Bahrain clamps down on Web traffic as violence escalates
Traffic off 20% from the norm, says Arbor Networks; Bahrain's biggest telecom firm sees 'service degradation'
Computerworld - Internet traffic in Bahrain, the Persian Gulf kingdom wracked by a third day of protests, has declined by about 20%, likely as a result of more aggressive government filtering, a Web security company said today.
Protesters in Manama, the country's capital, were fired on earlier today by police. The New York Times has reported that at least five died in the attacks. The Bahrain military has since moved into the city.
According to Arbor Networks, a Chelmsford, Mass. supplier of anti-DoS (denial-of-service) technology, the amount of data going into and out of Bahrain is down approximately 20% this week compared to the traffic of the previous three weeks.

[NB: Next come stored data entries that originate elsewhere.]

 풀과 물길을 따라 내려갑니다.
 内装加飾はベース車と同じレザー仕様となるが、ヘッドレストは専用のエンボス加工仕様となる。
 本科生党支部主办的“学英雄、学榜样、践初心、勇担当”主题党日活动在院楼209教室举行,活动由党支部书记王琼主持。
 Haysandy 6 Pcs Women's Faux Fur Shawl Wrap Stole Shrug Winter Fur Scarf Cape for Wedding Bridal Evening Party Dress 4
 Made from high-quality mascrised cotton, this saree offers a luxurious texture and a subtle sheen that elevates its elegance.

Arbor's traffic analysis was compiled using data from its ATLAS (Active Threat Level Analysis System) network, which collects Internet traffic information from approximately 120 carriers and providers worldwide.

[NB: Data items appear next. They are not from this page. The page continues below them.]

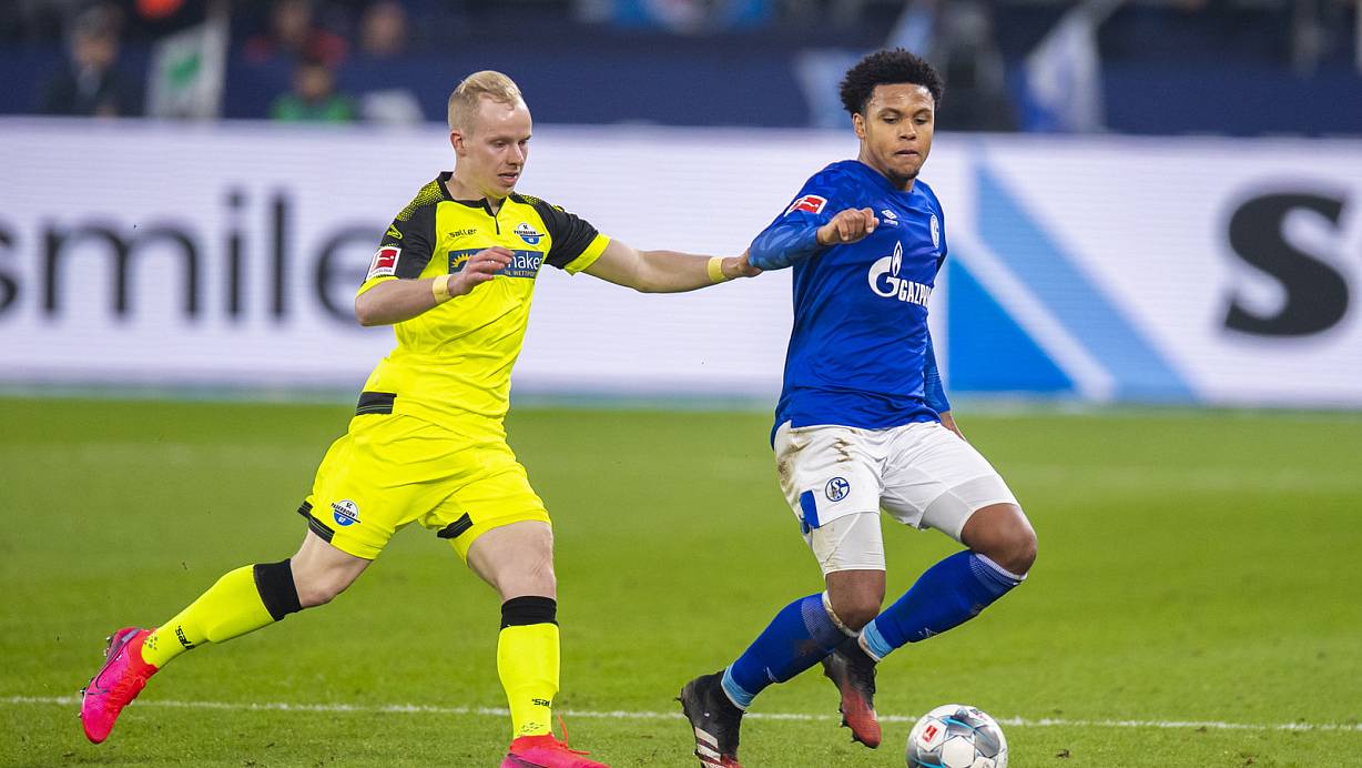 Winterneuzugang Dennis Jastrzembski (l.), hier im Duell gegen Weston McKennie, feierte im Gastspiel auf Schalke sein Debüt für den SCP. | © picture alliance
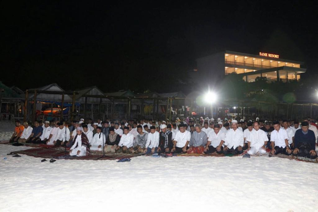 Ratusan pejabat dan staf Pemerintah Kota Makassar yang mengikuti program outbond, menjalankan ibadah salat subuh berjamaah di Pantai Bira kabupaten Bulukumba, Kamis (21/9). Ibadah juga bertepatan dengan tahun baru Islam 1439 Hijriah, sehingga diharapkan dimaknai sebagai perpindahan atau hijrah ke arah yang lebih baik. (ARI)
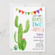 Convide seus amigos e família para comemorar Taco Twos-day para a segunda festa de aniversário do seu filho! Apresentando cactos de aquarela e uma faixa colorida
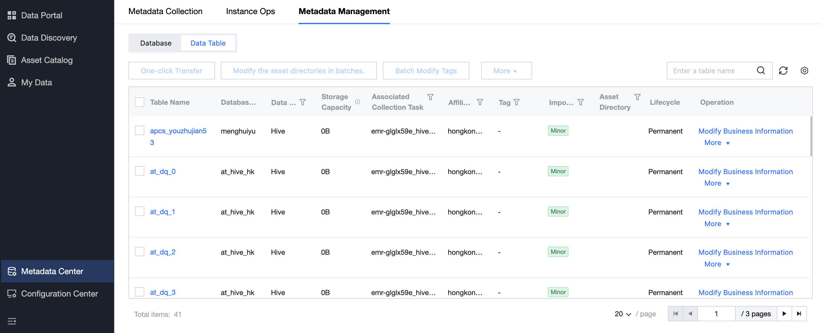Go to Governance Center > Metadata Center > Metadata Management > Data Table, this page displays a list of tables collected by full metadata, including table name, database name, tag, importance level, asset catalog, data source type, data source, associated collection tasks, etc., and supports one-click transfer, batch modification of business properties, and delete operations.
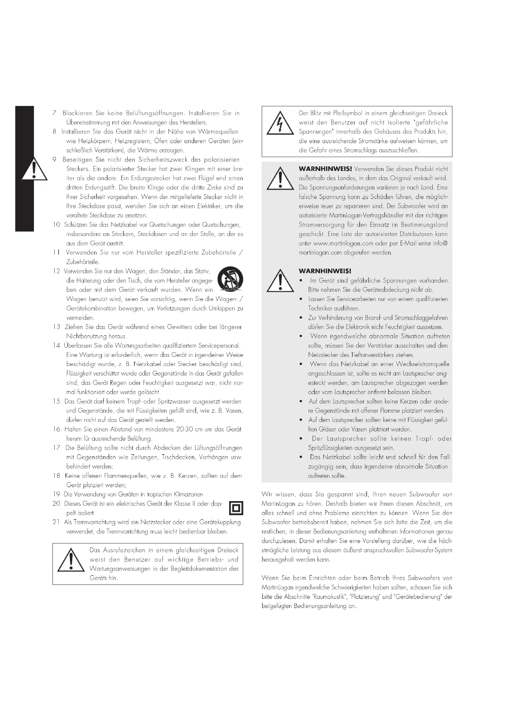 - À l’aide de l’appli, ajustez les réglages suivants : o Volume (niveau) : réglez le niveau à -10dB et augmentez-le jusqu’à ce que le son ait des graves profondes et étendues. o Phase : commencez avec 90° (avec polarité inversée allumée). o Niveau 20–30 Hz : commencez avec 0dB. o Filtre de passe basse : réglez plus bas que l’extrémité inférieure de la plage de réponse de fréquence de vos enceintes principales. Si vous n’êtes pas certain de la réponse de basse fréquence de votre enceinte principale, commencez avec un réglage de 35 Hz. Etape 6: Ecoutez et Profitez. Sicherheitshinweise und Installation (Deutsch/German) Wichtige Sicherheitsanweisungen 1 Lesen Sie diese Anweisungen. 2 Bewahren Sie diese Anweisungen auf. 3 Beachten Sie alle Warnungen. 4 Befolgen Sie alle Anweisungen. 5 Verwenden Sie dieses Gerät nicht in der Nähe von Wasser. 6 Reinigen Sie nur mit einem trockenen Tuch.7 Blockieren Sie keine Belüftungsöffnungen. Installieren Sie in Übereinstimmung mit den Anweisungen des Herstellers. 8 Installieren Sie das Gerät nicht in der Nähe von Wärmequellen wie Heizkörpern, Heizregistern, Öfen oder anderen Geräten (ein- schließlich Verstärkern), die Wärme erzeugen. 9 Beseitigen Sie nicht den Sicherheitszweck des polarisierten Steckers. Ein polarisierter Stecker hat zwei Klingen mit einer bre- iter als die andere. Ein Erdungsstecker hat zwei Flügel und einen dritten Erdungsstift. Die breite Klinge oder die dritte Zinke sind zu Ihrer Sicherheit vorgesehen. Wenn der mitgelieferte Stecker nicht in Ihre Steckdose passt, wenden Sie sich an einen Elektriker, um die veraltete Steckdose zu ersetzen. 10 Schützen Sie das Netzkabel vor Quetschungen oder Quetschungen, insbesondere an Steckern, Steckdosen und an der Stelle, an der es aus dem Gerät austritt. 11 Verwenden Sie nur vom Hersteller spezifizierte Zubehörteile / Zubehörteile. 12 Verwenden Sie nur den Wagen, den Ständer, das Stativ, die Halterung oder den Tisch, die vom Hersteller angege- ben oder mit dem Gerät verkauft wurden. Wenn ein Wagen benutzt wird, seien Sie vorsichtig, wenn Sie die Wagen- / Gerätekombination bewegen, um Verletzungen durch Umkippen zu vermeiden. 13 Ziehen Sie das Gerät während eines Gewitters oder bei längerer Nichtbenutzung heraus. 14 Überlassen Sie alle Wartungsarbeiten qualifiziertem Servicepersonal. Eine Wartung ist erforderlich, wenn das Gerät in irgendeiner Weise beschädigt wurde, z. B. Netzkabel oder Stecker beschädigt sind, Flüssigkeit verschüttet wurde oder Gegenstände in das Gerät gefallen sind, das Gerät Regen oder Feuchtigkeit ausgesetzt war, nicht nor- mal funktioniert oder wurde gelöscht. 15 Das Gerät darf keinem Tropf- oder Spritzwasser ausgesetzt werden und Gegenstände, die mit Flüssigkeiten gefüllt sind, wie z. B. Vasen, dürfen nicht auf das Gerät gestellt werden. 16 Halten Sie einen Abstand von mindestens 20-30 cm um das Gerät herum für ausreichende Belüftung. 17 Die Belüftung sollte nicht durch Abdecken der Lüftungsöffnungen mit Gegenständen wie Zeitungen, Tischdecken, Vorhängen usw. behindert werden; 18 Keine offenen Flammenquellen, wie z. B. Kerzen, sollten auf dem Gerät platziert werden; 19 Die Verwendung von Geräten in tropischen Klimazonen 20 Dieses Gerät ist ein elektrisches Gerät der Klasse II oder dop- pelt isoliert 21 Als Trennvorrichtung wird ein Netzstecker oder eine Gerätekupplung verwendet, die Trennvorrichtung muss leicht bedienbar bleiben. Das Ausrufezeichen in einem gleichseitigen Dreieck weist den Benutzer auf wichtige Betriebs- und Wartungsanweisungen in der Begleitdokumentation des Geräts hin. Der Blitz mit Pfeilsymbol in einem gleichseitigen Dreieck weist den Benutzer auf nicht isolierte "gefährliche Spannungen" innerhalb des Gehäuses des Produkts hin, die eine ausreichende Stromstärke aufweisen können, um die Gefahr eines Stromschlags auszuschließen. WARNHINWEIS! Verwenden Sie dieses Produkt nicht außerhalb des Landes, in dem das Original verkauft wird. Die Spannungsanforderungen variieren je nach Land. Eine falsche Spannung kann zu Schäden führen, die möglich- erweise teuer zu reparieren sind. Der Subwoofer wird an autorisierte MartinLogan-Vertragshändler mit der richtigen Stromversorgung für den Einsatz im Bestimmungsland geschickt. Eine Liste der autorisierten Distributoren kann unter www.martinlogan.com oder per E-Mail unter info@ martinlogan.com abgerufen werden. WARNHINWEIS!

"Data from 100 Internet providers around the world suggests Bahrain has significantly increased its filtering of Internet traffic in response to growing political unrest," said Arbor Networks.
Craig Labovitz, Arbor's chief scientist, said it was impossible to tell what Bahrain was filtering or blocking. "We just have measurements that strongly suggest some form of traffic manipulation," Labovitz said in an e-mail today.
Unlike in Egypt late last month, Bahrain's Internet infrastructure has remained online.
On Jan. 27, Egypt severed its Internet connections with the outside world by requiring the country's Internet providers to stop advertising routing information.
Renesys, a Manchester, N.H. Internet monitoring company, couldn't confirm Arbor's data -- Renesys focuses on routing, and was one of the U.S. firms that diagnosed Egypt's plug pulling -- but noted that Arbor's information has been "very reliable" in the past.